I want to extract Timestamps embedded with each message and send them as json payload into my database.
I want to get the following three timestamps.
Event-time: The point in time when an event or data record occurred, i.e. was originally created “by the source”.
Processing-time: The point in time when the event or data record happens to be processed by the stream processing application, i.e. when the record is being consumed.
Ingestion-time: The point in time when an event or data record is stored in a topic partition by a Kafka broker.
This is my streams application code:
Properties props = new Properties();
props.put(StreamsConfig.APPLICATION_ID_CONFIG, "streams-pipe");
props.put(StreamsConfig.BOOTSTRAP_SERVERS_CONFIG, BROKER_URL + ":9092"); // pass from env localhost:9092 ,BROKER_URL + ":9092"

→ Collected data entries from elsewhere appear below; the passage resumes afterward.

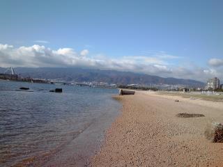 海を見ると色とりどりのウィンドサーフィンが沢山滑っていて綺麗です。波打ち際にはクラゲがよく落ちてます笑 それとフラミンゴみたいな大きな海鳥が優雅に歩いていますね。神戸方面には大きな山がそびえたってきれいです。夕方になると向こう岸の橋にオレンジの光が点々と灯ってずっと眺めていたくなります。
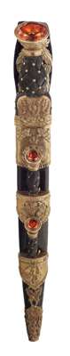 by William Anderson & Sons of Edinburgh, the brass mounts with traces of gilding, the carved baluster handle with basket weave and brass studded decoration with thistle mount to pommel containing foil backed crystal, the leather covered scabbard with brass mounts, with thistle and regimental decoration, with en suite bi-knife and fork, with plain single fullered blade; together with bullion and velvet dirk frog (2)
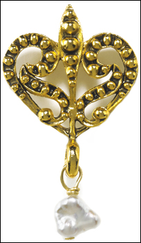 Victorian Heart pin/tie-tack with drop pearl
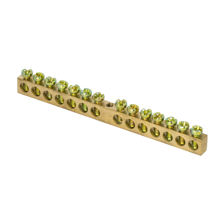Шины предназначены для присоединения нулевых проводников (шина N) и заземления (шина PE). Шины выполнены из латуни и никелированной латуни. Нулевая шина устанавливается на изоляторе.
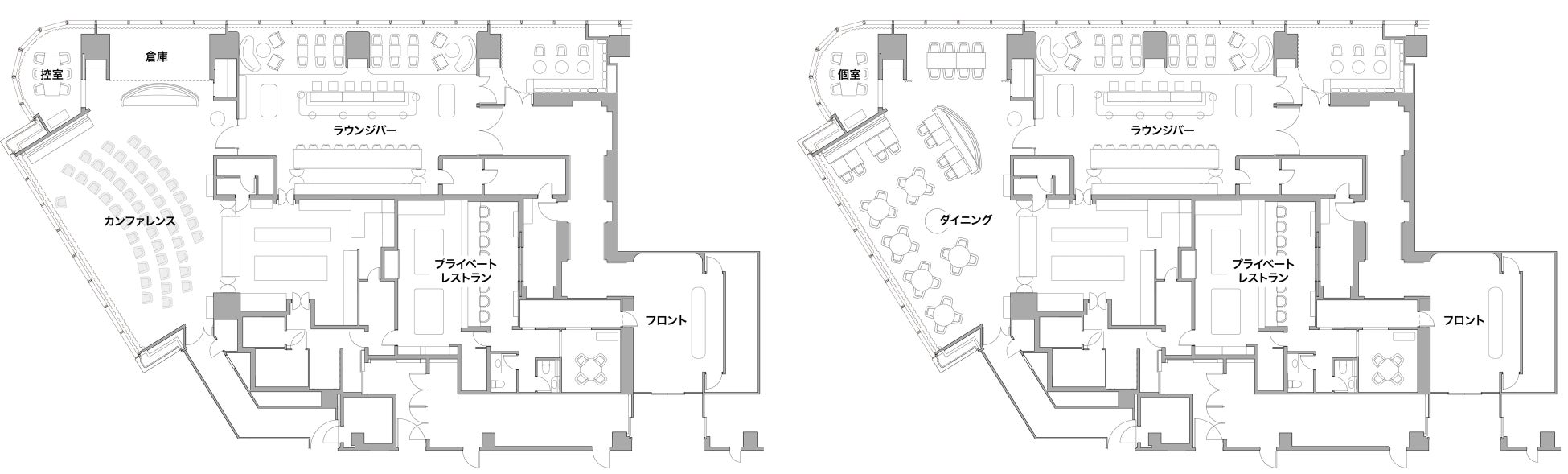 カンファレンス開催にも対応した大型スクリーンに本格的な音響設備と天井高さ約4mを有する大空間。ライブ感のあるオープンキッチンに面した60席のダイニング利用や、ダイニングとラウンジバーを一体的に活用した130席超の利用など、使い方に合わせて柔軟に対応できるレイアウトです。開催内容に応じてパーティーフードやケータリングの商品企画やオペレーション提案も可能です。

props.put(StreamsConfig.DEFAULT_KEY_SERDE_CLASS_CONFIG, Serdes.String().getClass());
props.put(StreamsConfig.DEFAULT_VALUE_SERDE_CLASS_CONFIG, Serdes.String().getClass());
final StreamsBuilder builder = new StreamsBuilder();
KStream<String, String> source_o365_user_activity = builder.stream("o365_user_activity");
source_o365_user_activity.flatMapValues(new ValueMapper<String, Iterable<String>>() {
@Override
public Iterable<String> apply(String value) {
System.out.println("========> o365_user_activity_by_date Log: " + value);
ArrayList<String> keywords = new ArrayList<String>();
try {
JSONObject send = new JSONObject();
JSONObject received = new JSONObject(value);
send.put("current_date", getCurrentDate().toString()); // UTC TIME
send.put("activity_time", received.get("CreationTime")); // CONSTANTS FINAL STATIC(Topic Names, Cassandra keys)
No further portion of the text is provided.